Given data:
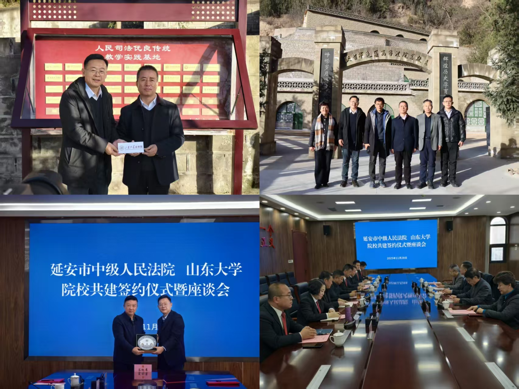 11月27日至28日,调研组赴陕甘宁边区高等法院旧址、陕甘宁边区审判史陈列馆、延安市中级人民法院,实地观摩珍贵史料,深刻体会“马锡五审判方式”等人民司法优良传统的精神内涵与时代价值。延安中院党组书记、院长刘群,副院长刘向林等陪同调研。调研组在陕甘宁边区高等法院旧址挂牌设立“人民司法优良传统教学实践基地”。调研组与延安市中级人民法院进行座谈交流,于向明与刘群签署院校合作框架协议,双方将充分利用延安红色资源,结合学校理论研究优势和法院司法实践能力,在理论研究、红色法治文化资源发掘、教育培训、实习就业等方面积极探索共建、合作模式。
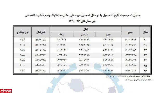 بر اساس گزارش مرکز آمار و مطالعات راهبردی وزارت کار، نرخ بیکاری جمعیت فارغالتحصیل یا در حال تحصیل دورههای عالی در سال ۱۳۹۶ برای گروه "مردان و زنان" در کل کشور ۱۹.۴ درصد، برای گروه "مردان" ۱۳.۵ درصد و برای گروه "زنان" ۳۰.۴ درصد بوده است.
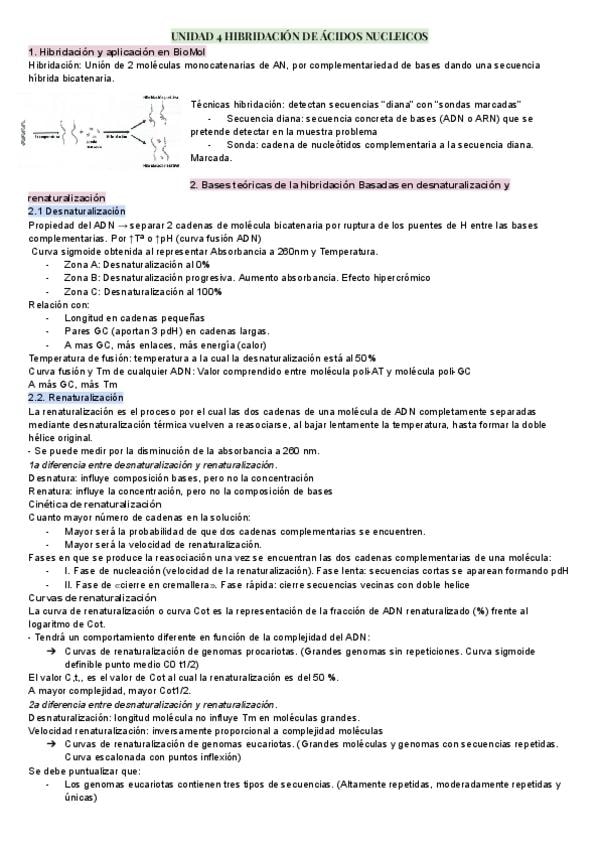 Apuntes tema 4 y 5: HIBRIDACIÓN DE ÁCIDOS NUCLEICOS// TÉCNICAS DE HIBRIDACIÓN de biologia molecular y citogenética de laboratorio clínico y biomedico

Work request:
Extract exactly the lines above from the line containing "بر اساس گزارش" through the last one, both ends included, but not the pictures.

Answer area:
 بر اساس گزارش مرکز آمار و مطالعات راهبردی وزارت کار، نرخ بیکاری جمعیت فارغالتحصیل یا در حال تحصیل دورههای عالی در سال ۱۳۹۶ برای گروه "مردان و زنان" در کل کشور ۱۹.۴ درصد، برای گروه "مردان" ۱۳.۵ درصد و برای گروه "زنان" ۳۰.۴ درصد بوده است.
 Apuntes tema 4 y 5: HIBRIDACIÓN DE ÁCIDOS NUCLEICOS// TÉCNICAS DE HIBRIDACIÓN de biologia molecular y citogenética de laboratorio clínico y biomedico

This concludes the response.